“Grandes impérios viram pó; grandes homens, poema”

Por mais que certos clichês acerca da partida daqueles que são queridos sejam indispensáveis, eu os recuso. Não por querer profanar uma tradição dos que optam pelo luto. Reconheço o luto como importante instrumento para o fechamento de um ciclo. Ignorá-lo, para alguns, é, no mínimo, um ato de imprudência. 

Repito, porém, que recuso certos clichês. Digo mais, recuso as lágrimas que mais pareciam ter vida própria quando caíram pelo meu rosto ao saber da tua partida, bom amigo. Recuso tudo isso, por saber que você odiaria frases feitas, odiaria fazer, mesmo de forma indireta, outras pessoas se sentirem tristes.

A tristeza que sinto faz parte de um egoísmo material. Sei que estás conosco de uma forma muito mais interessante.

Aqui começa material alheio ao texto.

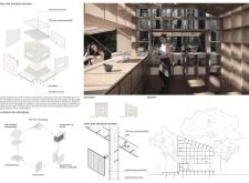 The submission cleverly balances renderings with sophisticated hand drawings to present a project that is textured and complex at the detail level while simple to understand at a macro level. The presentation makes use of a gray background which is effective for emphasizing the black and white line drawings. Its use of a limited number of large and clear drawings is well done and easy to read.
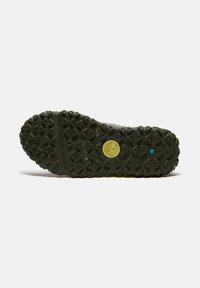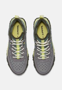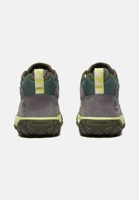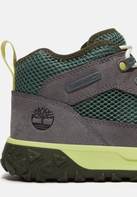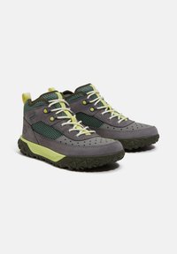 Gray and green hiking shoes with mesh accents, rubber sole, and contrasting lime green details. Features reinforced eyelets and pull tab.
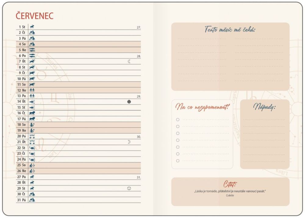Diář orientovaný na praktické rady, podle kterých se můžete řídit během lunárního cyklu a s informacemi týkajícími se péče o tělo, domácnost, kutilství a zahradu. Desky jsou vyrobeny z matného lamina s oblíbeným hedvábným povrchem soft touch. Diáře jsou doplněny gumičkou přes hřbet, záložkou a třemi aršíky kreativních samolepek.
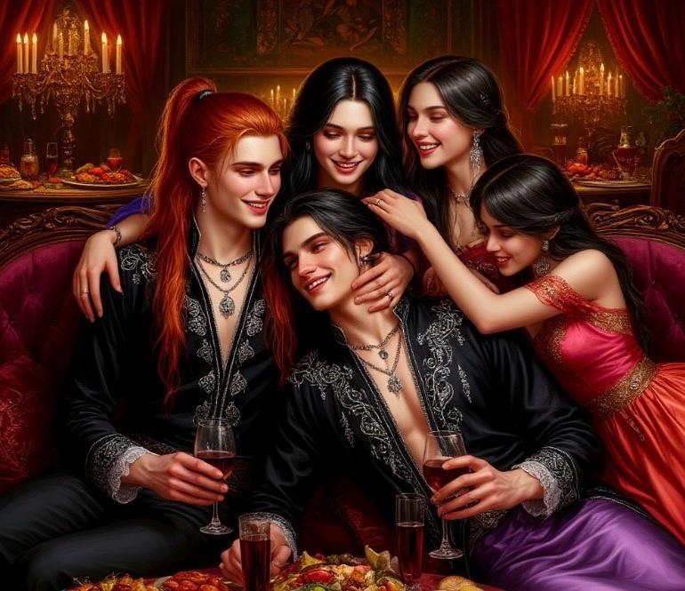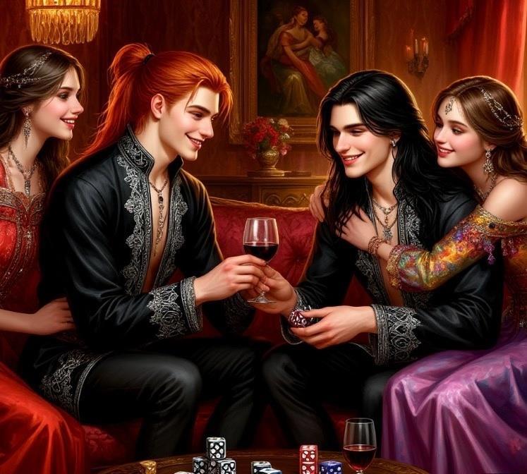 "Россис платил ни только за женщин, но и за выпивку и угощения. Он часто давал деньги девушкам сверху, и порой просто выпивал с ними или играл на музыкальных инструментах. Делал он это ни только потому, что семья его была богата и могла разбрасываться деньгами направо и налево, но и потому, что Россис знал, что Велес не мог тратить деньги на подобные развлечения, так то были деньги отца, а не его. Радар тщательно следил за тратами сына, он как будто чуял, какие деньги Велес тратил на себя лично, а какие отдавала блудницам в Красных лилиях. И чтобы не выдавать Велеса, Россис брал все расходы на гулянки на себя, и не требовал от Велеса ничего, кроме его собственного присутствия".

Minha tristeza, e a daqueles que contigo conviveram, é por não mais poder absorver de você algo novo, algo bom, algo puro.

Minha tristeza, em particular, é por aquele projeto. O nosso projeto. Nosso projeto de transformar Santa Cruz numa cidade de ‘leitores de poesia’.  Dele, restou apenas, o sonho, que infelizmente, não terei competência de realizar sem tua sábia companhia.

Faço-lhe, portanto, a minha consideração em relação a sua partida: como diz o poeta Manoel Affonso, “Grandes impérios viram pó; grandes homens, poema”.

Fica em paz, segue em paz, Mestre Jorge Rodrigues!